● What is needed: Using the records that follow, reproduce exactly the lines starting at the line containing "تنطلق يوم الأحد" and ending at the line containing "Трехместная туристическая палатка". Include both end lines and no pictures.

Data items
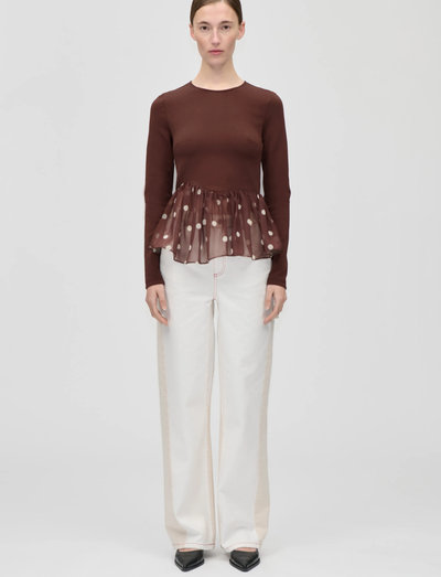 Pehme jersey-kangasest pikkade varrukatega pluus, mille asümmeetriline alläär on kaunistatud täpilise läbipaistva organza-peplumiga.
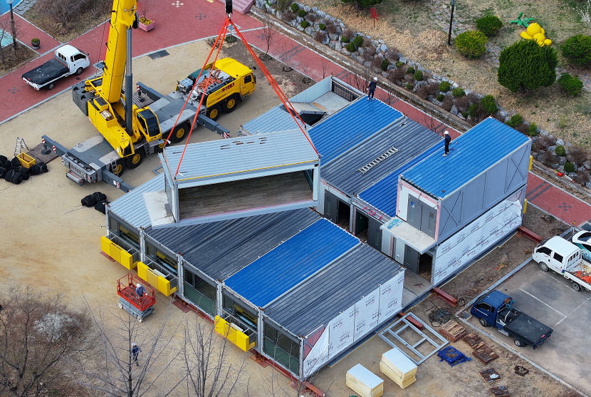 31일 경북 안동시 일직면 권정생어린이문학관 앞에 산불 이재민 긴급주거시설로 모듈러주택이 설치되고 있다. 경북도와 산불 피해 5개 시·군 등에 따르면 1천688동(예산 642억원)의 모듈러주택이 필요한 것으로 파악됐다. 연합뉴스
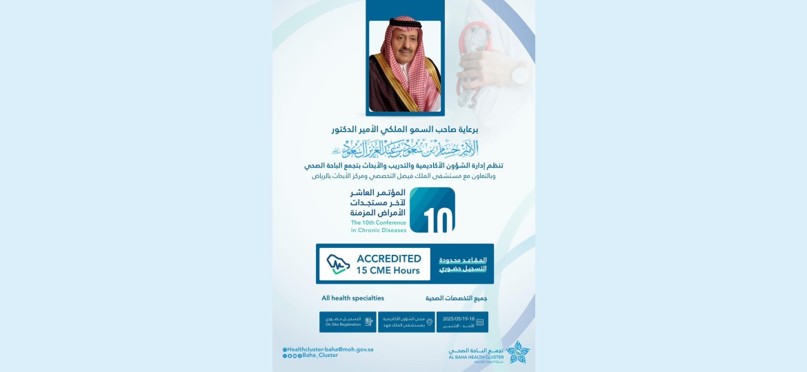 تنطلق يوم الأحد القادم، الموافق 18 مايو 2025م، فعاليات “المؤتمر العاشر لآخر مستجدات الأمراض المزمنة”، والذي يستمر على مدى يومين (الأحد والاثنين 18–19 مايو 2025م)، وذلك برعاية كريمة من صاحب السمو الملكي الأمير الدكتور حسام بن سعود بن عبدالعزيز آل سعود، أمير منطقة الباحة – حفظه الله –، وتنظيم تجمع الباحة الصحي، وبالتعاون مع مركز الملك فيصل التخصصي ومركز الأبحاث بالرياض.
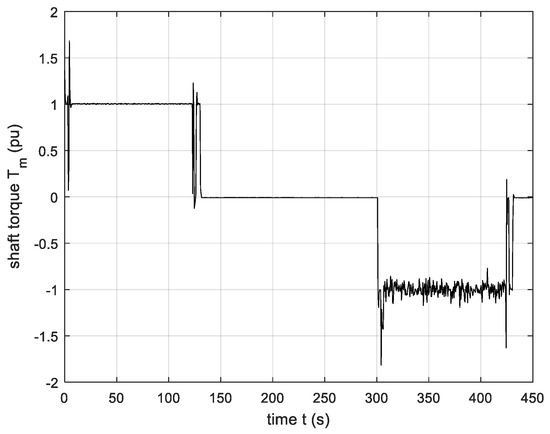 An important feature of the crosshead’s work is the need to accelerate and slow down a heavy load (inertia), which may tend to rock. The impact of uncontrolled weight swings was modelled by setting the appropriate torque. During the acceleration and deceleration phase, a sinusoidal variable with an amplitude of 2.5 × Tust was added, as shown in Figure 19.
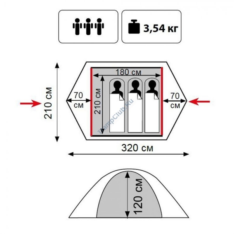 Трехместная туристическая палатка серии Tramp Lite Tourist 3 модель TLT-002 предназначена для любительских походов легкой категории сложности и непродолжительных путешествий в теплое время года.
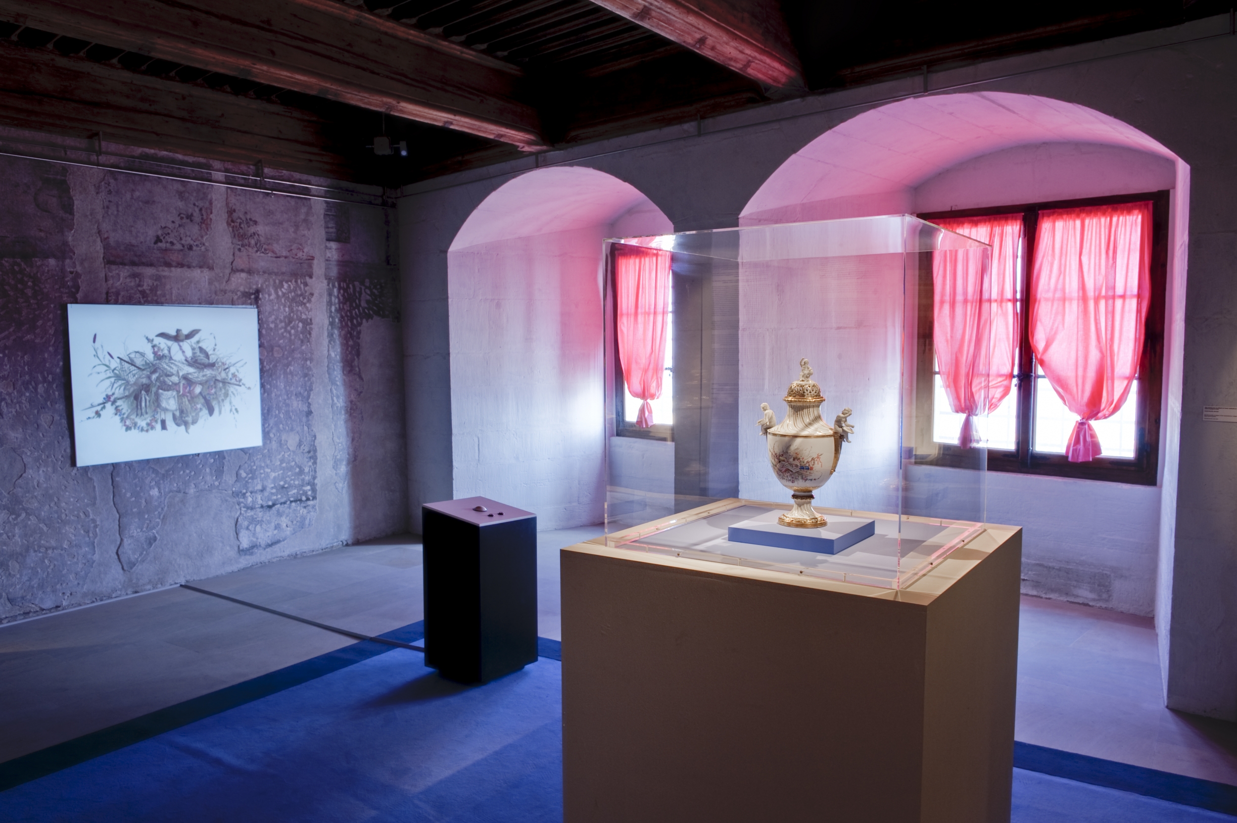 Trois ensembles importants de porcelaines sont apparus depuis. Tout d’abord une partie de la très belle collection de M. de Cérenville promise en 1997 par sa fille, Mme Anne Bischoff, et qui est entrée au Musée au début de 2007. C’est donc cet ensemble si généreusement offert à la Ville de Nyon qui est présenté ici, pendant cette exposition. En 2007 et 2008, plusieurs tasses au décor particulier, voire unique, ayant appartenu à M. Golay ont pu être acquises par le Musée avec le soutien de mécènes. Enfin, par deux fois, en mars et décembre 2008, une très grande partie de l’ancienne collection de M. Salmanowitz fut proposée aux enchères à Genève. Grâce à un effort important de la Ville de Nyon, au soutien des Amis des Musées de Nyon et l’aide de généreux mécènes, des pièces de grande qualité purent être acquises, notamment le grand vase aux amours et trophées. Et, fait curieux, la plupart de ces pièces avaient déjà été exposées en ces lieux mêmes en 1947. Certaines d’entre elles ne furent jamais remontrées au public depuis. Cette nouvelle exposition a donc lieu au moment même où les descendants de certains des collectionneurs de 1947 se séparent de ces ensembles.
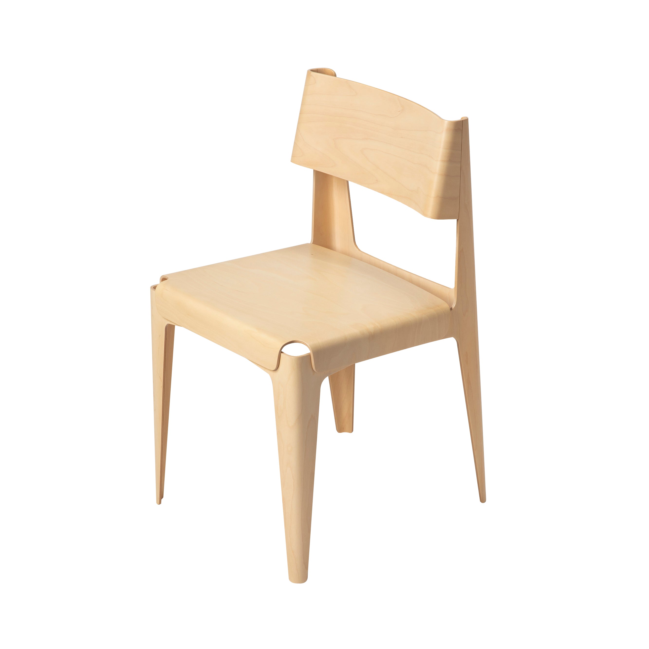 Continuing designers Barber & Osgerby’s exploration of creating a structural form from folded sheet material, Shell Chair delivers not only on strength but on comfort. A companion to Isokon’s sister dining table (also at A+R), the seating is completely fashioned in whisper-thin birch veneer in a choice of a natural or blue-stained lacquer finish.
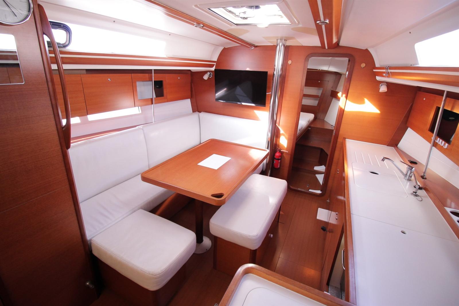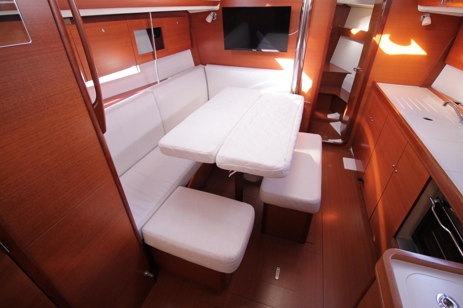 The company PHILIPPE PLAISANCE is pleased to offer you a reference: the DUFOUR 375! This great opportunity is a Performance version in 3 cabins, equipped with the 6-winch pack, a German-style mainsail hoist, a bowsprit, an asymmetrical spinnaker, a folding propeller, a retractable cockpit table and a convertible saloon. The owners, who are particularly meticulous, have also invested in order to provide even more comfort: premium mattress at the front, electric E-wincher crank, complete closed cockpit awning, custom-made gantry, VHF AIS reception, etc... Life raft and new vests, 100% of thru-hulls replaced in 2025, service battery from 2025! Berth and handling possible
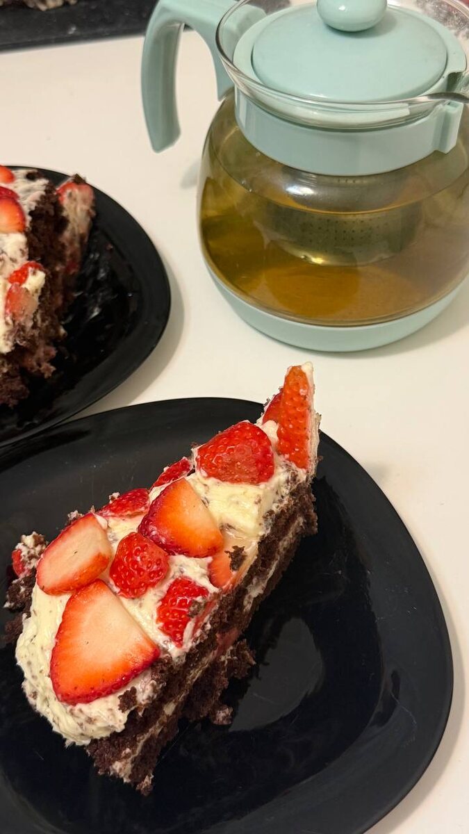 6 ноября. Снег лёг, а печку топим раз в сутки, тепло дома, а на улице всего лишь минус 10 градусов. Захотелось чего-нибудь к чаю вкусного и домашнего. Решила я испечь тортик черный принц с клубникой. Рецепт черного принца у меня проверенный годами, еще от бабушки достался. Конечно, с некоторыми моими корректировками, но суть та же – шоколадный бисквит, пропитанный сметанным кремом и кисло-сладкая клубничная прослойка. Достала из морозилки мешочек домашней клубники, заботливо замороженной еще летом. Аромат от нее – словно вернулся в июль, в тепло и солнце. Замесила тесто – какао, мука, яйца, сметана. Все как по нотам, движения отточены до автоматизма. Пока духовка разогревается, нарезала клубнику. Решила добавить немного лимонной цедры в крем – для пикантности и свежести. Форму для выпечки смазала маслом и присыпала какао, чтобы корж легко отделился. Бисквит поднялся пышный и ароматный. Разрезала его на два коржа, пропитала сладким сиропом. Сметанный крем получился густым и нежным. На о
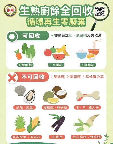 桃園環保局為進行垃圾源頭減量,減輕垃圾處理壓力,推行「生熟廚餘全回收」政策。經過3個月的宣導期後,1日起正式實施。環保局強調,若經破袋檢查發現未依規定回收,將依違反廢清法規定處1,200元以上6,000元以下罰鍰,請市民朋友務必注意及配合。

● Task output:
 تنطلق يوم الأحد القادم، الموافق 18 مايو 2025م، فعاليات “المؤتمر العاشر لآخر مستجدات الأمراض المزمنة”، والذي يستمر على مدى يومين (الأحد والاثنين 18–19 مايو 2025م)، وذلك برعاية كريمة من صاحب السمو الملكي الأمير الدكتور حسام بن سعود بن عبدالعزيز آل سعود، أمير منطقة الباحة – حفظه الله –، وتنظيم تجمع الباحة الصحي، وبالتعاون مع مركز الملك فيصل التخصصي ومركز الأبحاث بالرياض.
 An important feature of the crosshead’s work is the need to accelerate and slow down a heavy load (inertia), which may tend to rock. The impact of uncontrolled weight swings was modelled by setting the appropriate torque. During the acceleration and deceleration phase, a sinusoidal variable with an amplitude of 2.5 × Tust was added, as shown in Figure 19.
 Трехместная туристическая палатка серии Tramp Lite Tourist 3 модель TLT-002 предназначена для любительских походов легкой категории сложности и непродолжительных путешествий в теплое время года.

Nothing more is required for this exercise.